On 01/03/2013 06:29 AM, emyr.james wrote:
Hi,
I'm thinking of starting to use ceph initially for evaluation...seeing
how it compares to our existing lustre file system.
One thing that I would like confirmation of is how ceph stores large
files. If I store a large file in CephFS is it automatically split up
into chunks with the various chunks stored and replicated
automatically across the whole cluster, or does it store the whole
file as one object on one individial OSD and then has individual
replicants of the whole file on a small number of other OSD's ? What
is the typical block size used if files are split up....can this be
configured ?
Regards,
Emyr
--
To unsubscribe from this list: send the line "unsubscribe ceph-devel" in
the body of a message to majordomo@xxxxxxxxxxxxxxx
More majordomo info at http://vger.kernel.org/majordomo-info.html
Hi Emry,
If you are using CephFS (ie the posix file system component), large
files will by default be broken up into 4MB objects. The object size is
configurable.

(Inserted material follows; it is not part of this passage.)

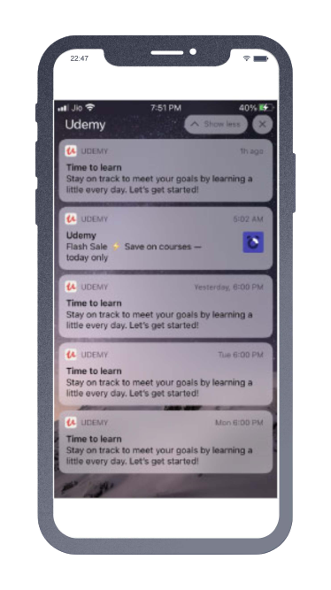 Fig: Udemy push notifications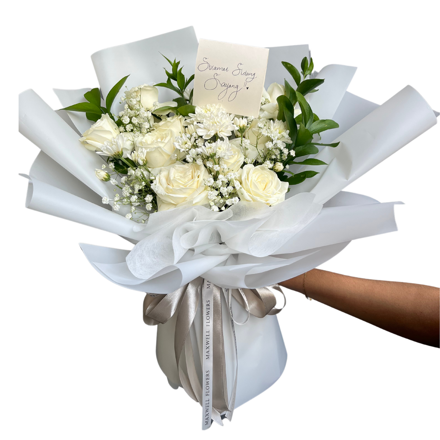 Introducing our elegant 10 White Roses and Aster Bouquet! This timeless arrangement features ten pristine white roses, symbolizing purity and new beginnings, beautifully complemented by delicate aster flowers. Perfect for any occasion, from weddings and anniversaries to birthdays and celebrations, this bouquet exudes grace and sophistication. Handcrafted with care, our White Roses and Aster Bouquet is a stunning way to convey your heartfelt sentiments and make a lasting impression.

Each object is distributed pseudo randomly between the
different OSDs (though if you have a replication level > 1, object
replicas will obey the rules defined in your crush map). Replication is
on a per pool basis and happens automatically. If an OSD goes down and
replication is used, Ceph will attempt to heal itself by redistributing
the objects on the down OSD to the remaining ones.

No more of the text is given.